Search the listing below for the line with "Букет из хризантемы", then write out that line and every one after it exactly, without the pictures.
<<<<
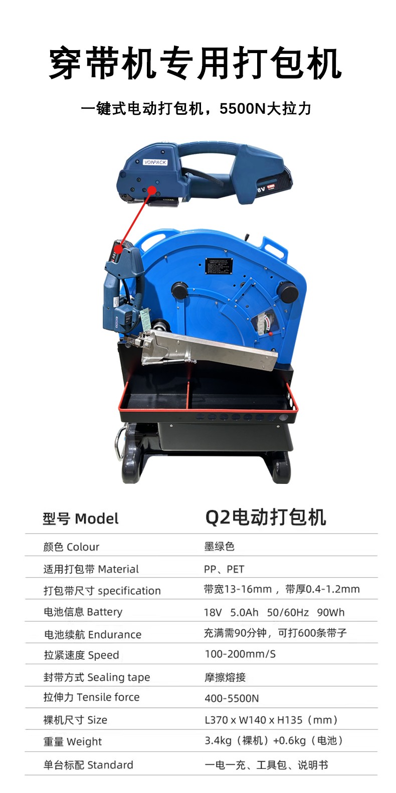 - 智能收緊:根據貨物類型(如紙箱、金屬件)自動調節束緊力(常規范圍 200-5000N),確保帶子緊貼貨物但不壓損,部分重型機型束緊力可達 9000N 以上,適配建材、鑄件等重物。
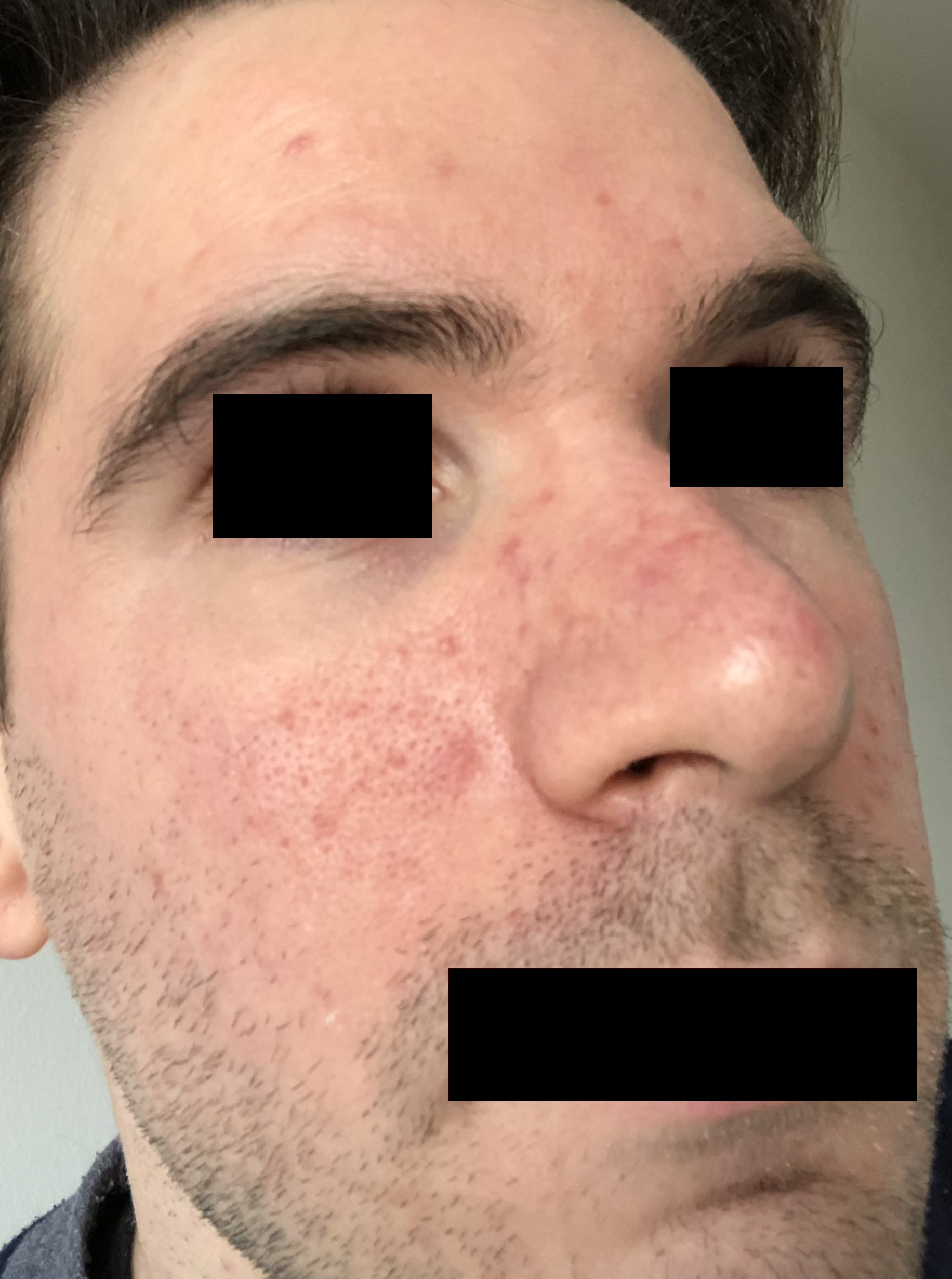 I have no flares, itching or pain. Just redness and a lot of pimples and red marks.
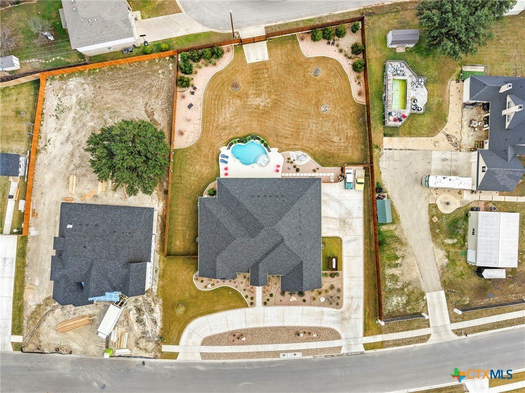 Welcome to this award-winning luxury residence located in The Settlement on Stagecoach. Situated on a spacious .85-acre lot, this exceptional 4-bedroom, 4.5-bathroom home offers 3,803 square feet of thoughtfully designed living space and has been recognized with top honors including Best Craftsmanship, Best Kitchen, Best Bath, Best Technology, Best Interior Design, and Best in Show. Built in 2023, this one-story home showcases elevated finishes throughout, including marble and wood flooring, custom cabinetry, crown molding, and designer details at every turn. The open-concept floor plan seamlessly connects the living, dining, and scullery kitchen, featuring a large island, gas stove and pot filler-perfect for both everyday living and entertaining. The luxurious primary suite provides a private retreat with a spa-inspired bathroom offering an oversized tub, separate shower, dual vanities, in-home sauna and custom designed closet. Additional spaces include a dedicated office and media room. Step outside to your private backyard oasis complete with a covered patio with over 1200 sqft, outdoor kitchen, fireplace, and a resort-style in-ground pool. Additional features include a 4-car garage with lift, automatic sprinkler system, and beautifully maintained grounds. This home is the perfect blend of luxury, comfort, and award-winning design.
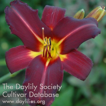 | Description : dark purple self with green throat | |
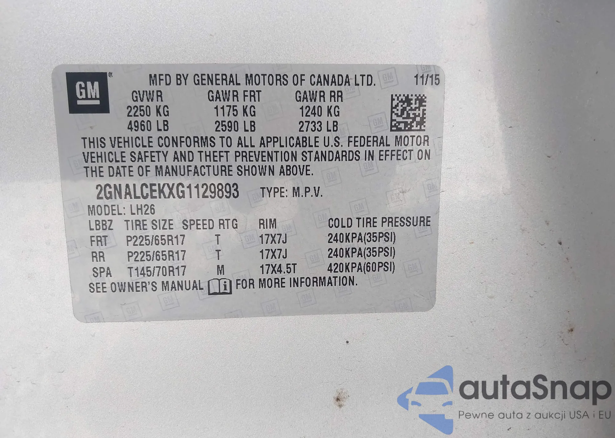 LOT: 44114635 VIN: 2GNALCEKXG1129893
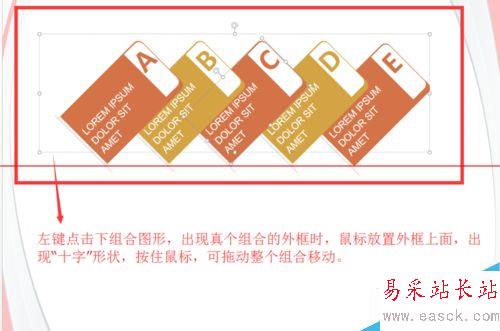 2、左鍵點擊下組合圖形,出現真個組合的外框時,鼠標放置外框上面,出現“十字”形狀,按住鼠標,可拖動整個組合移動。
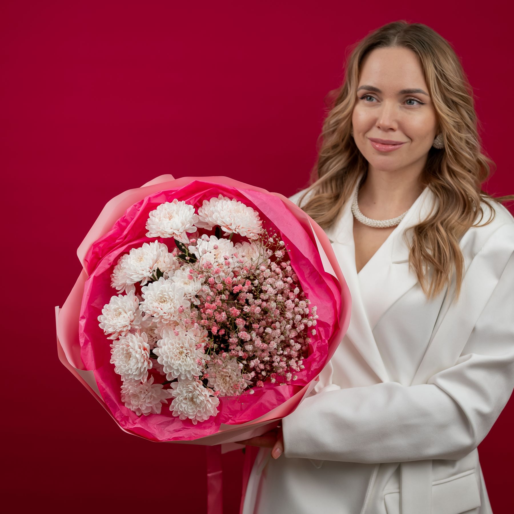 Букет из хризантемы "Алтай" и розовой гипсофилы
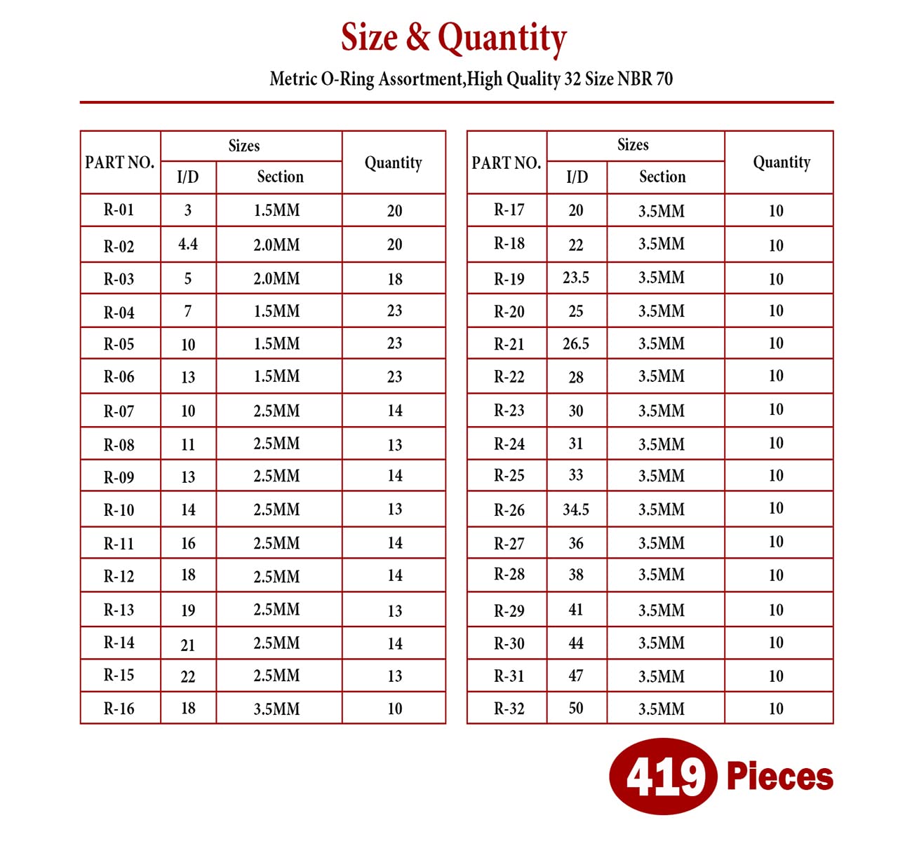 - This O-ring series contains 419 PCS metric standard rubber O-rings, with 32 sizes and models, which can be widely used in your car, plumbing, machinery, hydraulic and pneumatic maintenance.
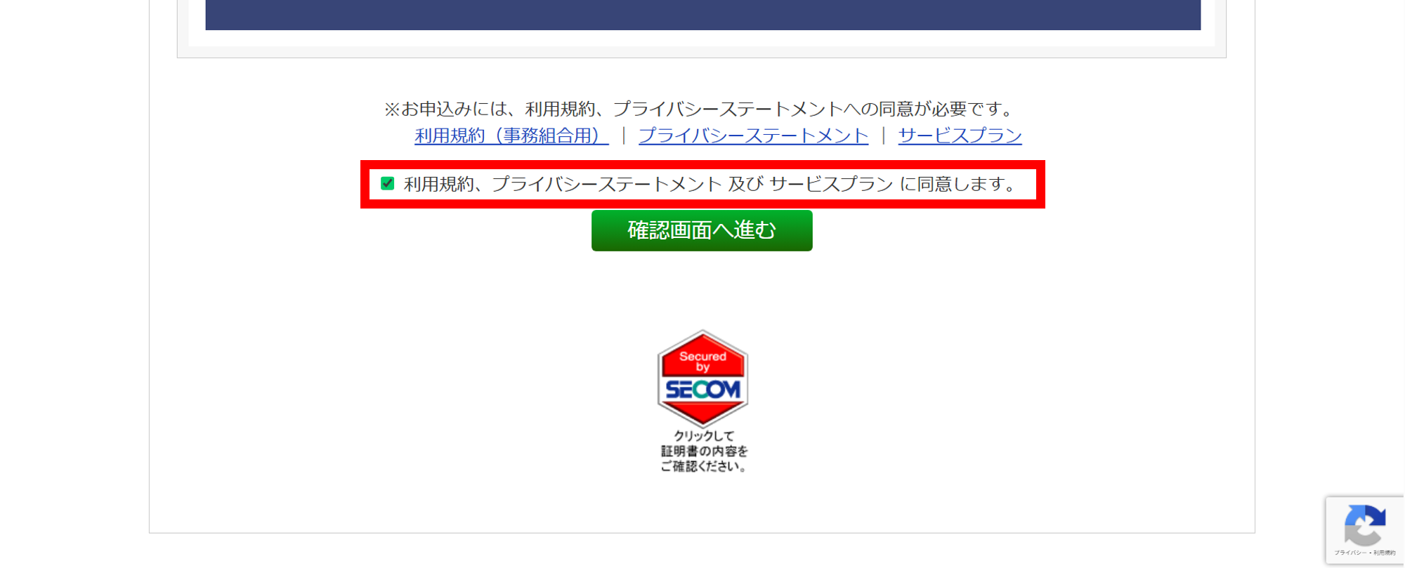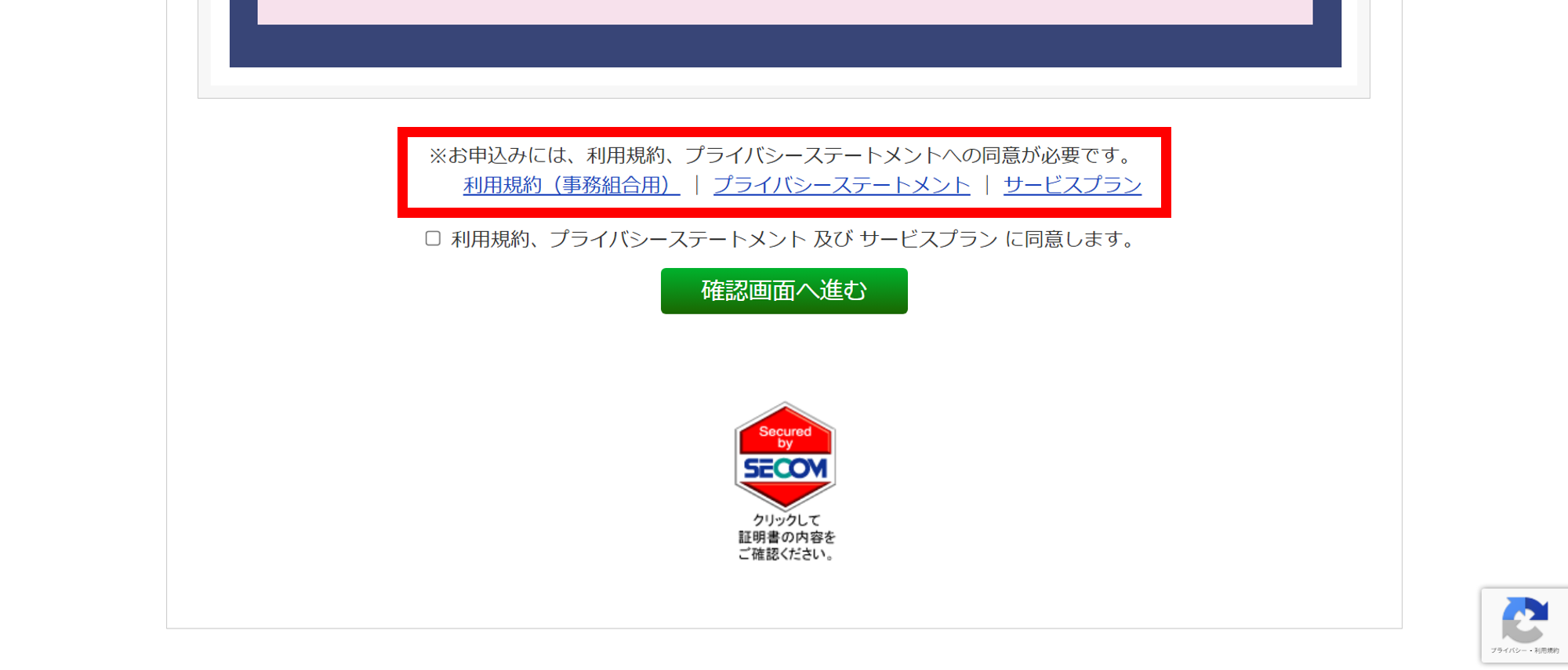 「利用規約(事務組合用)」「プライバシーステートメント」「サービスプラン」をクリックし、内容を確認します。
>>>>
* **Solution**:
 Букет из хризантемы "Алтай" и розовой гипсофилы
 - This O-ring series contains 419 PCS metric standard rubber O-rings, with 32 sizes and models, which can be widely used in your car, plumbing, machinery, hydraulic and pneumatic maintenance.
 「利用規約(事務組合用)」「プライバシーステートメント」「サービスプラン」をクリックし、内容を確認します。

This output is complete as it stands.